The need for a new approach to OTSM (OT Systems Management)

For the past several years, Verve has emphasized the importance of OT Systems Management both for reliability and cyber security of OT/ICS. For too long, these systems have been excluded from organizations’ traditional IT systems management. There may have been some good reasons for this, from a lack of IT understanding of the devices and their operations to the complexity of processes and control system designs. However, in today’s threat landscape with regulatory and insurance requirements, it is no longer feasible to put these systems behind a firewall and forget them. There are too many threat actors targeting them and too many ways of bridging that IT-OT separated network to leave these systems unmanaged.

The challenge, however, is finding an efficient approach to do this. In IT, organizations have invested in years of technology and procedures that are mainly centrally managed with a drive to “lean operations” to maintain those systems. In OT, however, the assets are spread over thousands of miles, dozens or hundreds of sites, dozens or hundreds of different vendor and device types, different legacy network architectures, and no centralized tooling to manage.

It is no longer feasible to exclude these systems from management. Verve’s recent analysis of ICS advisories and vulnerabilities highlights the growing risk to these devices.

And OT is now in the cross-hairs of attackers, with manufacturing ranking as the number one most-targeted sector, with energy close on its heels.

Furthermore, insurance companies have increased their requirements to gain OT coverage, now requiring separate policy applications and detail on steps organizations are taking regarding managing vulnerabilities in OT.

Over the past few years, Verve has been working with dozens of clients to address these OT systems management challenges.

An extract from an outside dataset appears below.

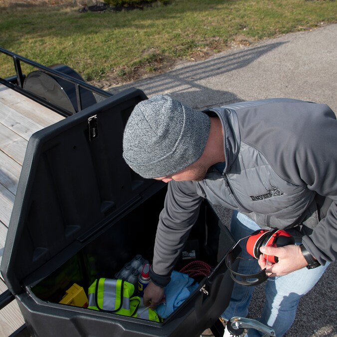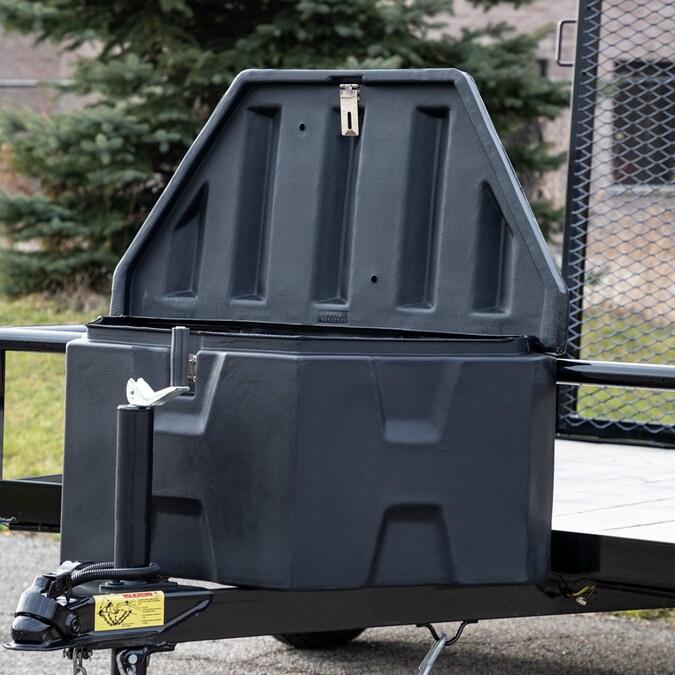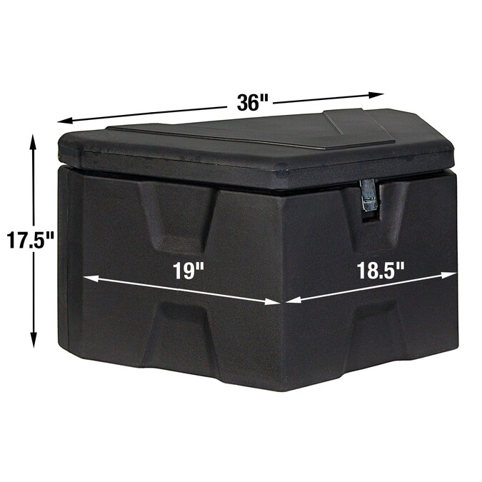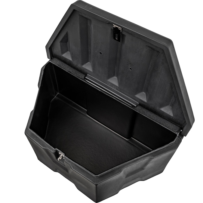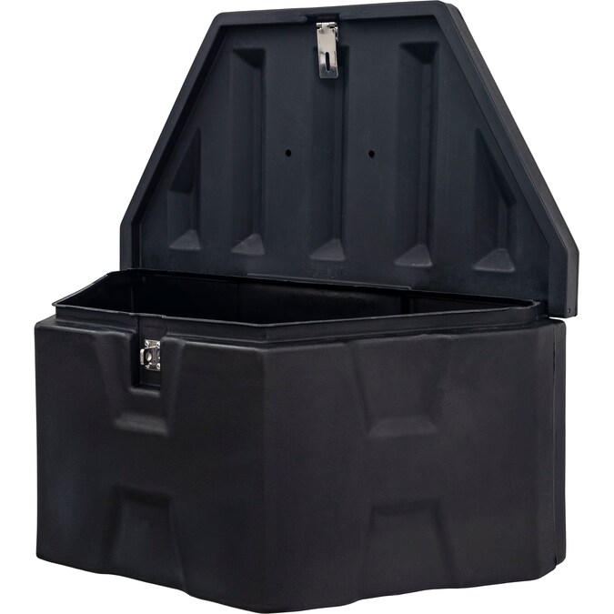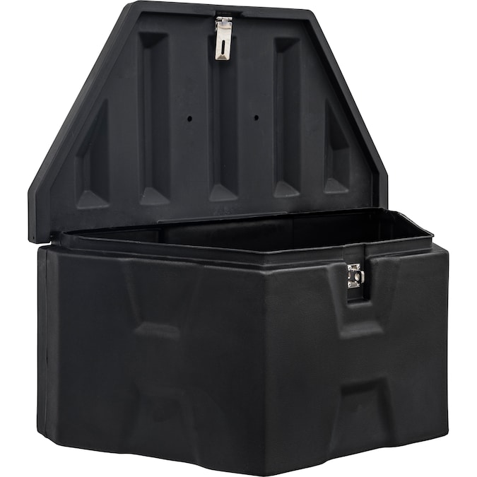 The Black Poly Trailer Tongue Truck Tool Box gives you increased durability in a lightweight package with its dent- and rust-resistant molded, high-density ribbed polyethylene construction. It’s designed to provide a secure fit when mounting to the front of an A-frame trailer. The chest helps protect your equipment with a double-walled lid and weather resistant zinc-plated hasp (fits standard padlocks).

From this experience, we developed a set of approaches that all industrial organizations can take to improve both the effectiveness and efficiency of their OT Systems Management function to drive security and reliability. We are providing our technology platform and managed service support to our clients that need it to help drive a step-function improvement in results with much lower total costs than would be feasible without such approaches.

What is OT Systems Management?

Over the past decade, IT Service Management (ITSM) leveraging CoBit, ITIL (IT Infrastructure Library), and other standards has become a proven, rigorous process in most large enterprises. The basic components of ITSM include designing, planning, operating and controlling IT services provided to users.

In practice, this includes how hardware is configured, patched, managed, and deployed, how software is developed and deployed, and how teams respond to incidents.

These practices are critical to improving overall IT cyber security posture. In fact, according to the National Initiative for Cyber Education’s (NICE) Cyberseek database, over 70% of job openings in cyber security are related to operations, maintenance and provisioning – jobs often contained within ITSM functions.

Moving away from traditional IT realms of PCs, laptops, cloud-based servers, and mobile devices into the world of Operating Technology (OT) found in manufacturing plants, the power grid, building controls, and other cyber physical systems, the role IT plays in managing these devices is less clear.

OT is often controlled by manufacturing engineers, process control engineers, or instrumentation and controls technicians. The systems are critical in functioning physical processes, such as power generation and transmission or manufacturing production. These OT systems are built to last ten-to-twenty years, as opposed to the five-year lifecycles of traditional IT equipment.

OT systems contain many embedded devices running on firmware developed by specific OEMs that are not built with open management interfaces. Programming these systems often means accessing OEM-specific tools to update or reconfigure them.

Over the past decade – and in the decade to come – corporations connected OT systems to the traditional enterprise IT infrastructure to drive greater efficiency and effectiveness of operational processes. But with this added benefit comes risks from IT networks: ransomware, hacking for espionage and potential disruption of physical processes to cause physical damage.

Greater connectivity offers the hope of leveraging the cloud for advanced predictive maintenance analysis, improved operational efficiency by adjusting control parameters, and more efficient use of labor by managing sites through centralized, remote access. These financial drivers are significant, so much so that this idea has been branded as Industry 4.0.

As these systems connect, security becomes a much greater issue. Systems formerly “air-gapped” or “islanded” from enterprise IT and its access to the internet and communication applications, such as email and cloud interfaces, are accessing the enterprise infrastructure to take advantage of scale and the power of big data analytics.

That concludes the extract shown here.